Camden traffic wardens protest outside Marston Holdings in Birmingham

Traffic wardens from north London—who are on indefinite strike against poverty pay—took the fight to bosses’ headquarters on Wednesday. The Unison union members travelled from Camden to Birmingham to protest outside Marston Holdings, the parent company of outsourcer NSL.

“We wanted to take our grievances to them,” striker Bart told Socialist Worker. He said NSL is owned by “virtual companies” that “don’t really exist”, pointing to the web of super wealthy businesses that stand behind the outsourcer.

“We were joined by other local Unison branches,” he said. “We want a pay rise and we want them to know about it. We are doing a job for them and getting abused on the streets. If we get another opportunity, we should do this again.
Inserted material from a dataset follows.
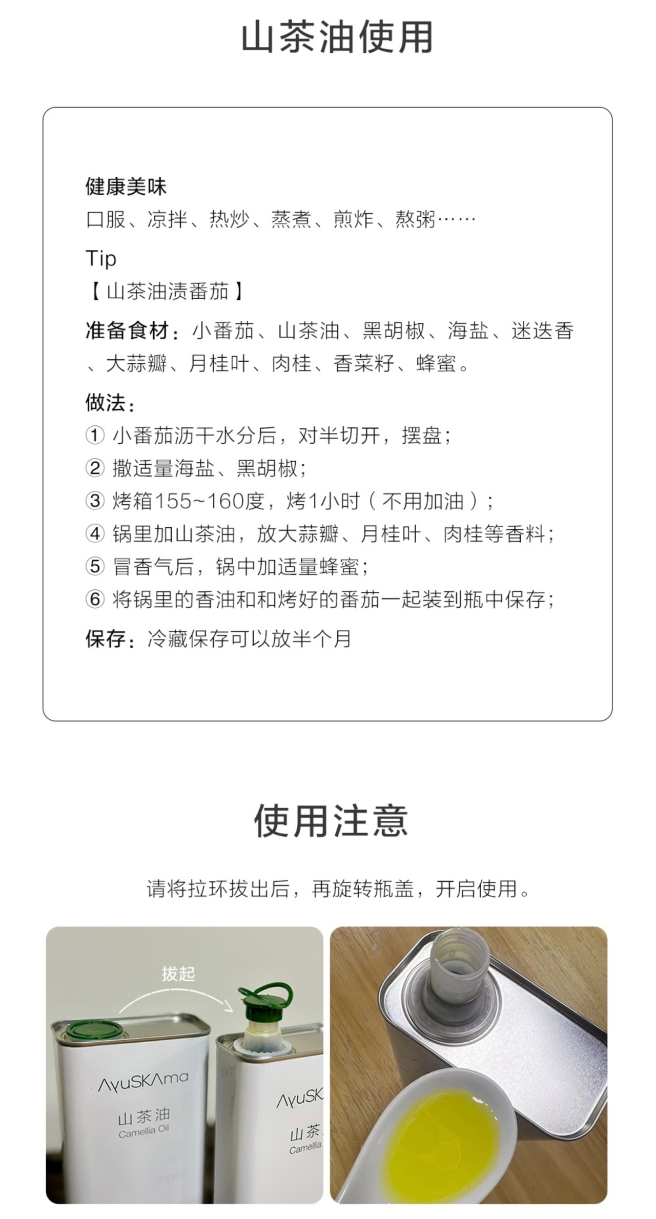 山茶油都是1L装,收到后将瓶口的拉环轻轻拔出后,再旋转瓶盖开启。倒出来的油明亮清澈,有浓郁的山茶籽香,品质是真的很好!我还把山茶油装进喷油壶里,就能更好的控制用量,毕竟1L真的很大罐,倒起来容易手抖。。。日常可以用来凉拌蔬果、熟肉海鲜,西式煎烤中式炒菜也都很合适,但不建议用来爆炒和煎炸哦,会破坏掉山茶油的营养价值,又很浪费,每次10g就够够的了!
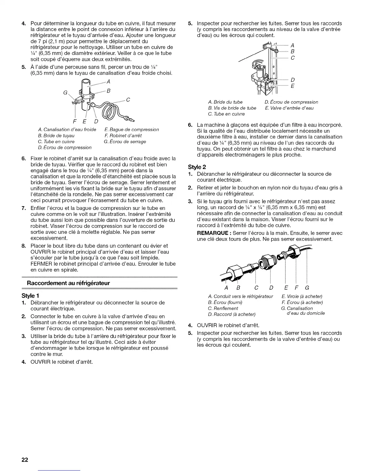 1/4"(6,35 mm) de diam_tre exterieur. Veiller & ce que le tube

“They need to know how we feel—it’s not fair. We go through all this, not even for £15 an hour while they profit. At Christmas NSL gives us £5. That’s it for a year’s abuse. And if you’re off that day you don’t even get given it. These are the companies we’re killing ourselves for—we deserve better.”

At the Guilford Street picket line in central London on Thursday, strikers said they were angry about pay, conditions and that the Labour-run council hasn’t taken them back in-house.
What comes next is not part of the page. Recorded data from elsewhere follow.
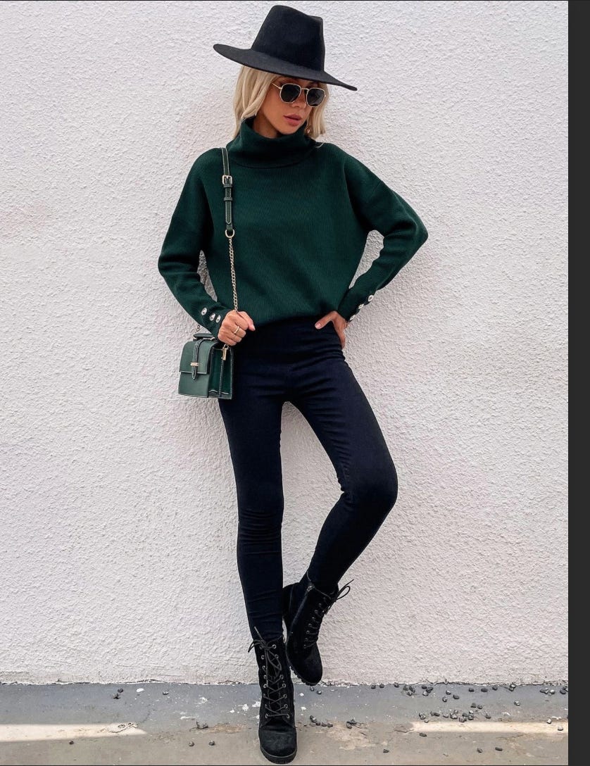 Turtleneck (it will be from the back of your dresser drawer. It will be itchy. To cope with this pretend you’re larping as an office siren)
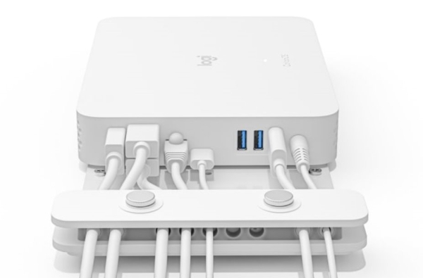 Umístěte zařízení Logitech RoomMate tak, aby nepůsobilo rušivě a nedošlo k jeho poškození, přičemž kabely budou fixovány a spolehlivě připojeny. Volitelný držák podporuje diskrétní instalaci a fixaci kabelů za displeje, dovnitř skříněk nebo pod stoly.
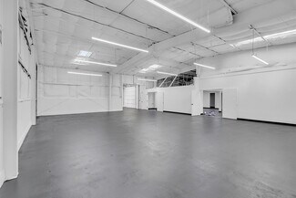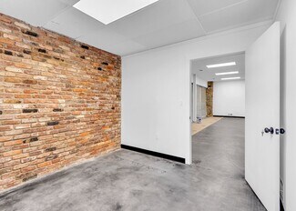 The building has been completely renovated, with upgrades including an automatic sliding garage door and a concrete ramp for vehicle access into the warehouse area.
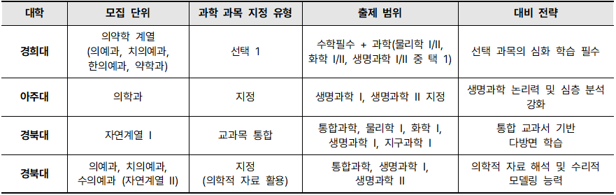 대부분의 대학이 과학논술을 폐지했음에도 불구하고, 의약학 계열에서는 여전히 과학적 소양을 요구하는 대학들이 남아있습니다. 이들은 특정 과학적 지식을 수학적 분석 능력과 통합하여 평가함으로써, 미래 전문직으로서 요구되는 기초 역량을 검증하고자 합니다. 2026학년도에 과학논술을 포함하는 대학은 경북대, 경희대 의약학 계열, 아주대 의학과 세 곳에 불과하며, 각 대학의 출제 방식은 구분됩니다.
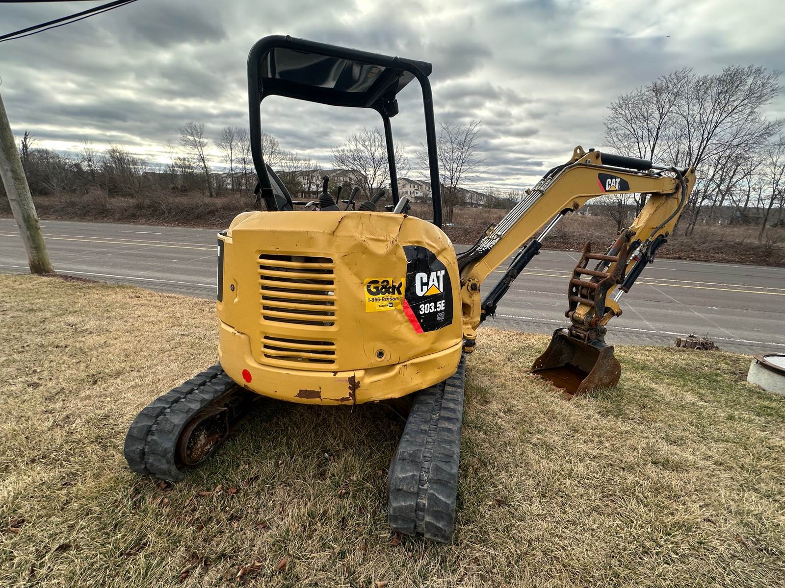 2014 CAT 303.5 Mini Excavator- 27 Horsepower CAT Diesel Engine, joystick controls, OPEN CAB, 5,200 Hours, HYDRAULIC THUMB, Push Blade, operating weight 9,329 lbs, Videos Available!!!!
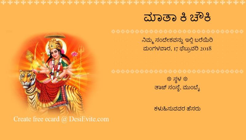 Create free kannada invitation ecard for Mata ka Jagran / Mata Ki Chowki
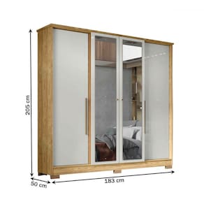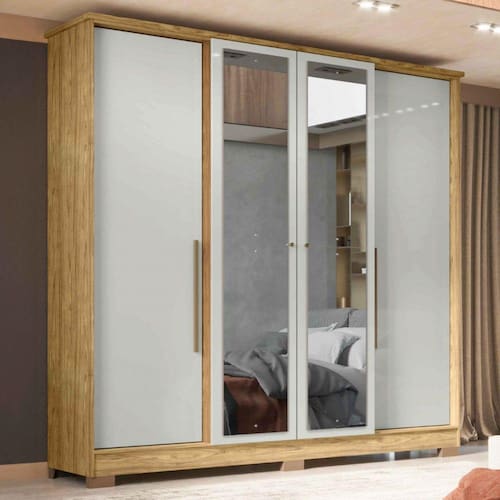 O(a) Guarda-Roupa Casal Monaco 4 Portas 2 Gavetas com Espelho Marrocos/Off White - Mx Móveis é produzido em MDP na escala de brilho Semi-Brilho, e possui um grau de dificuldade de montagem: Médio.
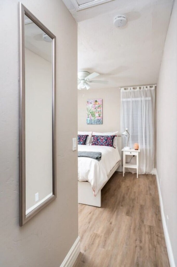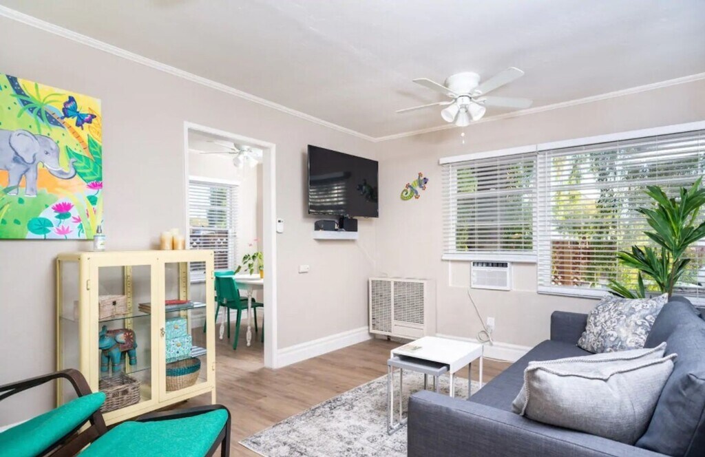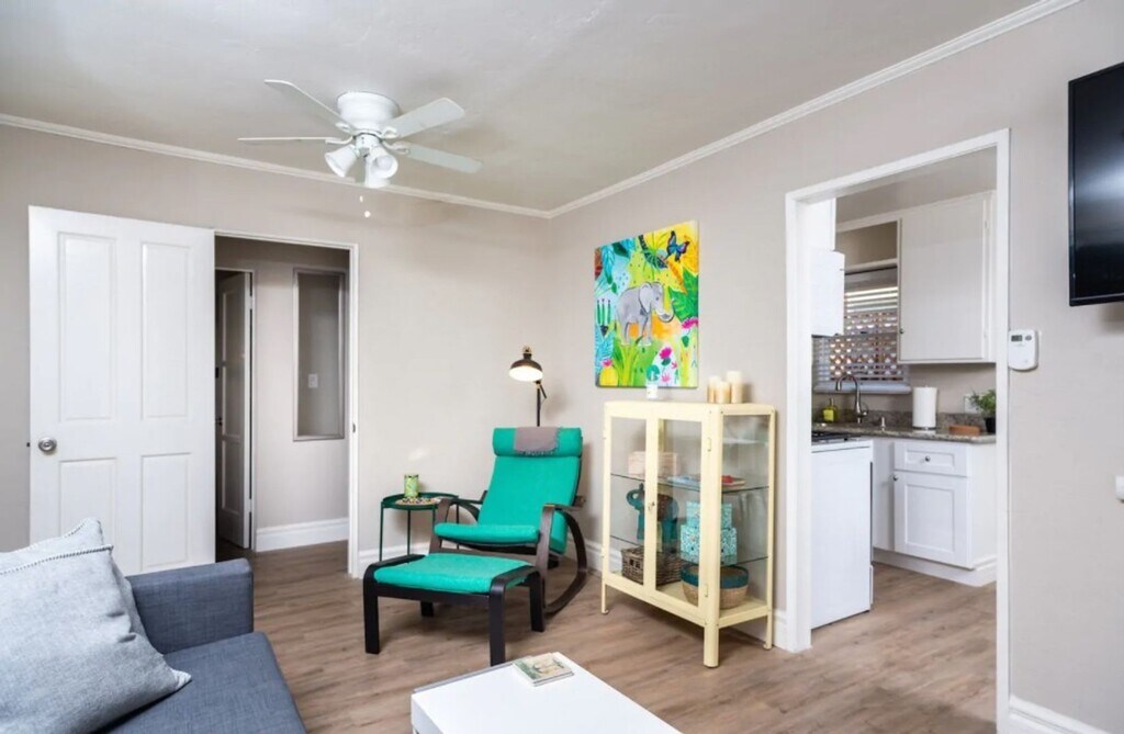 ADORABLE, seldom available cottage with washer/dryer, firepit/patio furniture, barbeque and one off street parking spot. Located in the historic Old Town, San Diego across the street from several restaurants, shops, and entertainment. Bus, Coaster, and train just around the corner. Minutes to downtown, airport, Balboa Park, Zoo, and 5 and 8 freeways. Everything has been upgraded with wood laminate flooring throughout, granite countertops in the kitchen, custom tile in the bathroom, and your own washer/dryer. This won't last long. Get ready to enjoy your own yard!
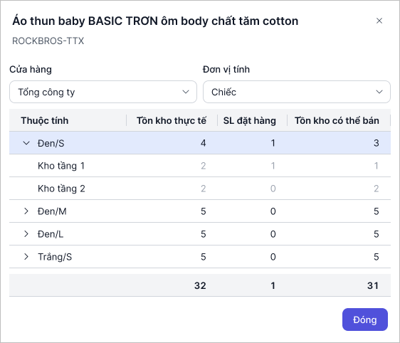 - Nếu hàng hóa có thuộc tính: Hệ thống hiển thị danh sách hàng hóa chi tiết theo thuộc tính và theo từng kho của thuộc tính hàng hóa đó.
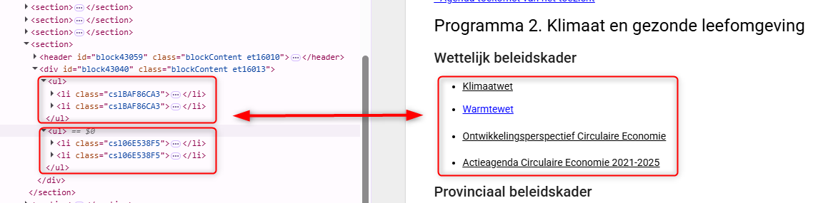 In dit pdf-document staat op pagina 19 onder het kopje "Instrumenten" een lijst met 11 items. In de tags staan echter twee aparte lijsten.

“NSL gets more than £30 an hour from the council to pay us and for expenses,” striker Julie explained. “We get £12.70—the rest goes straight to NSL. “I’m a Camden resident and that’s where my council tax is going.
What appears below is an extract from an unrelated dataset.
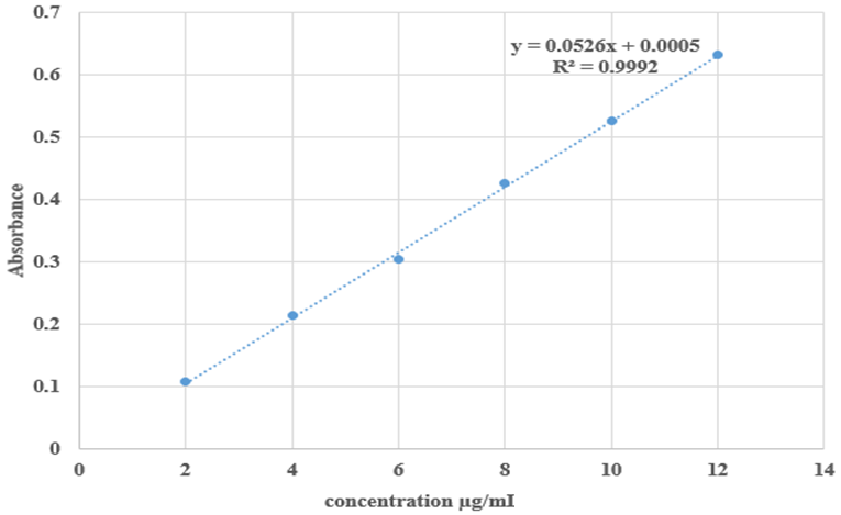 Linearity was evaluated with six different concentrations ranged from 2-12 μg/ml which obtained by diluting of carbamazepine (CBZ) stock solution with distilled water. The linearity of CBZ equation was used to calculate CBZ in the fabricated microparticles [19].
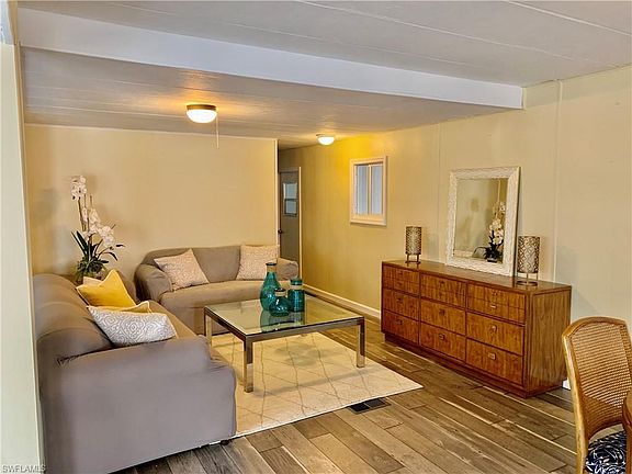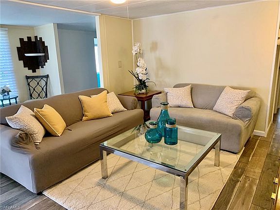 BRING OFFERS!!! FURNISHED!! PRICED TO SELL!! This is Riviera Colony, a charming 55+ community where YOU OWN THE LAND . Spacious open floor plan home with every room under air cooled by a Large NEWER Lennox AC unit with a 200 Amp breaker box. Large lanai and Plenty of additional storage in the shed that houses your washer and dryer. Kitchen has solid wood cabinets, tile counter tops, stainless dual sink. All new modern windows. New Wood large plank flooring, Tiled Dens and Lanai, updated baths and Newer Stainless Appliances. Vinyl Siding and Neatly skirted. LOW FEES OF ONLY $266.00 A QUARTER!! Enjoy the community pool and all the social events at the clubhouse. Golf at the Executive style PUBLIC GOLF Course at Riviera which is Pay to Play!! Close to Publix and only 10 min to downtown Naples!! CALL ME ABOUT FINANCING!

“The mayor said all public services should be brought back in-house back in 2018, yet Camden renewed its contract with NSL. It’s not saving money either, and other traffic wardens like in Hackney are in-house. We work around 47.5 hours a week.

“In-house workers work 36 hours, and are paid more than us. We only get 20 days holiday and we’re not paid for the first three days of sick pay.

“Council workers get 25 days and proper sick pay. The council has said nothing to us, we haven’t seen them at all. It’s losing money but still paying NSL. As far as I’m concerned, we work for the council, but they don’t care about us. We’re just ants to them.”

Julie is worried about her pension too. “In-house we’d get a government pension, but here we get workplace pensions,” she said. “It’s pitiful. All I have in there at the moment is a few month’s wages. I’m going to have to keep working past retirement to survive and hopefully afford lunch every day.

“People work 8am-7pm for six or seven days a week if they can, or even starting at 7am. We don’t get paid extra for overtime. We get £15 extra a day if we come in on rest days. And all we’ve had is a pitiful three year offer.”

Striker John added, “The way we’re treated, NSL couldn’t care less. People are disciplined for being sick. That happened to one colleague who was off with leukaemia for 18 months.”

John, another striker, said NSL are pushing through an “Amazonification” of the job. “You have to check in every three to five minutes on the machines,” he explained. “You get told off if you go to the toilet too many times.

“The way supervisors behave is like they own the company too. There’s a total lack of support. We have to issue tickets for G4S ambulances and once I was in the national media over this.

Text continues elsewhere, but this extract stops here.